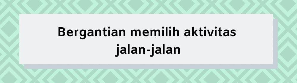 Masing-masing orang memiliki gayanya sendiri ketika jalan-jalan. Ada yang ingin menikmatinya dengan santai dengan mengunjungi tempat-tempat tenang, ada pula yang memilih melalui waktu dengan kegiatan seru. Ada yang lebih suka melakukannya dengan terencana, ada yang cenderung melakukannya tanpa rencana. Bagaimana denganmu?
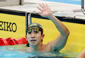 ![]() デフリンピック東京大会 水泳男子200メートル個人メドレーで優勝し観客席に手を振る茨隆太郎 =吉田耕一郎撮影 |
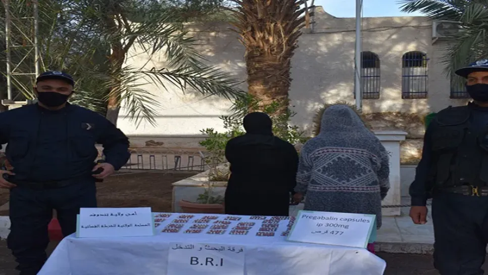 تمكنت فرقة من مصالح أمن ولاية تندوف من توقيف "م . خ " و " ف . ع " تنحدران من إحدى ولايات الغرب الجزائري والجنوب الغربي، وتقيمان بولاية تندوف حيث تم العثور في مسكنيهما على كمية من المواد الصيدلانية نوع بريقابالين "pregabalin capsules ip 300mg " ذات اللون الأحمر والأبيض قدرت بـ 477 قرص على شكل 32 مشط. ومن خلال مجريات التحقيق تبين أن المواد المحجوزة هي ملك للمدعو" ن . م " البالغ من العمر 29 سنة، ينحدر من إحدى ولايات الشرق الجزائري ويقيم بولاية تندوف. وتم تقديم المتهمين أمام الجهات القضائية لدى محكمة تندوف عن قضية الحيــازة وعرض مواد صيدلانية على الغير بدون رخصة عن...
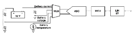 電池電壓通過一個直接從電池正極分接出來的阻性衰減器來檢測。為檢測電流,將一個檢測電阻(12V應用一般使用100mΩ)放fang在zai電dian池chi負fu極ji與yu地di之zhi間jian。在zai這zhe種zhong配pei置zhi中zhong,汽qi車che的de金jin屬shu底di盤pan一yi般ban為wei地di,檢jian測ce電dian阻zu安an裝zhuang在zai電dian池chi的de電dian流liu回hui路lu中zhong。在zai其qi它ta配pei置zhi中zhong,電dian池chi的de負fu極ji是shi地di。對dui於yuSoH 計算,還必須檢測電池的溫度。
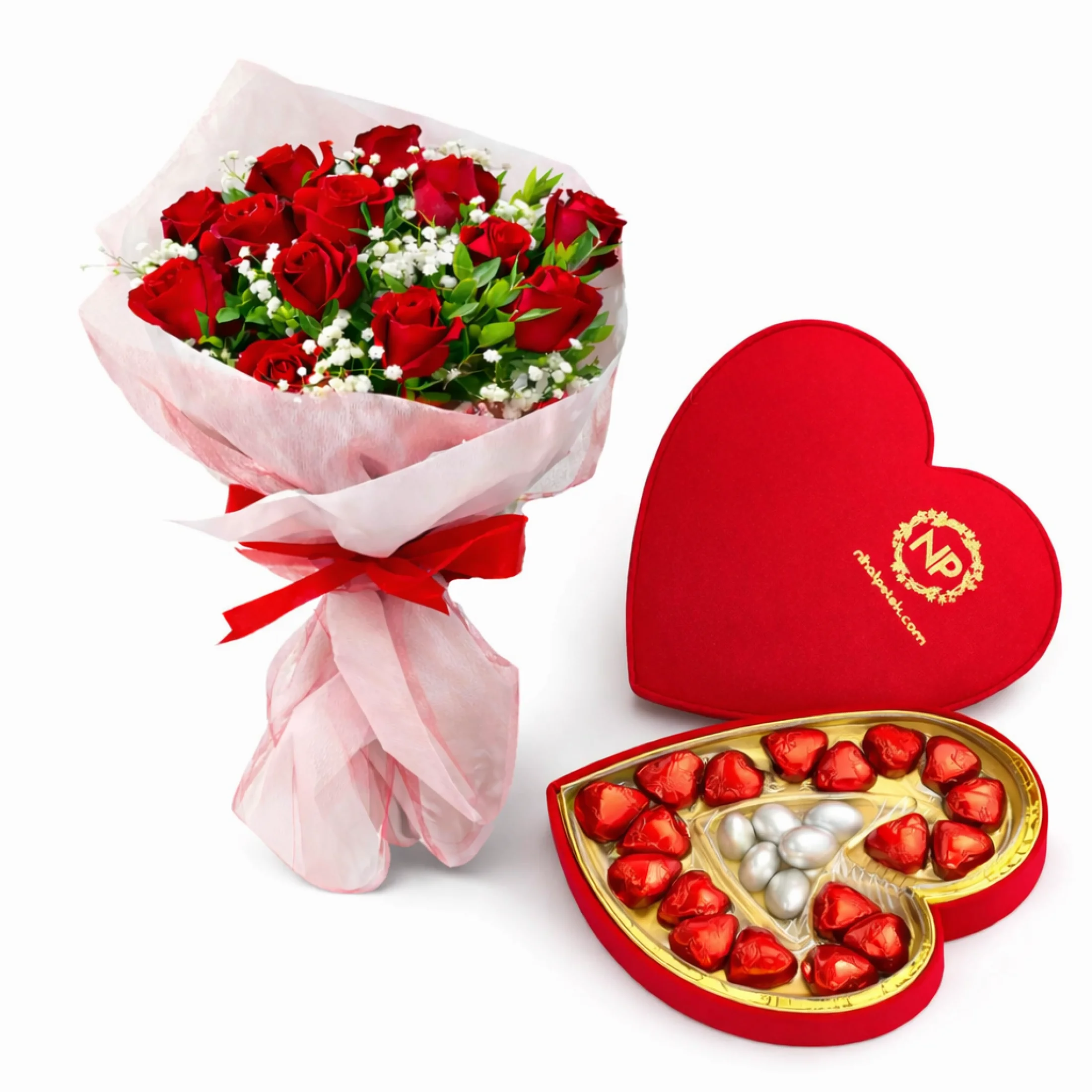 Özenle seçilmiş canlı kırmızı güller, cipso ve yeşilliklerle zenginleştirilerek şık pembe ambalaj içerisinde sunulur. Yanında gelen kalp tasarımlı kırmızı kutu ise özel kalp çikolatalar ve drajeler ile tamamlanmıştır.

□ □ □ □ □ □ □

(Try it): This task calls for restating, word for word, each line from the line holding "電池電壓通過一個直接從電池正" through the end of the material, pictures left out.

(Output below):
 電池電壓通過一個直接從電池正極分接出來的阻性衰減器來檢測。為檢測電流,將一個檢測電阻(12V應用一般使用100mΩ)放fang在zai電dian池chi負fu極ji與yu地di之zhi間jian。在zai這zhe種zhong配pei置zhi中zhong,汽qi車che的de金jin屬shu底di盤pan一yi般ban為wei地di,檢jian測ce電dian阻zu安an裝zhuang在zai電dian池chi的de電dian流liu回hui路lu中zhong。在zai其qi它ta配pei置zhi中zhong,電dian池chi的de負fu極ji是shi地di。對dui於yuSoH 計算,還必須檢測電池的溫度。
 Özenle seçilmiş canlı kırmızı güller, cipso ve yeşilliklerle zenginleştirilerek şık pembe ambalaj içerisinde sunulur. Yanında gelen kalp tasarımlı kırmızı kutu ise özel kalp çikolatalar ve drajeler ile tamamlanmıştır.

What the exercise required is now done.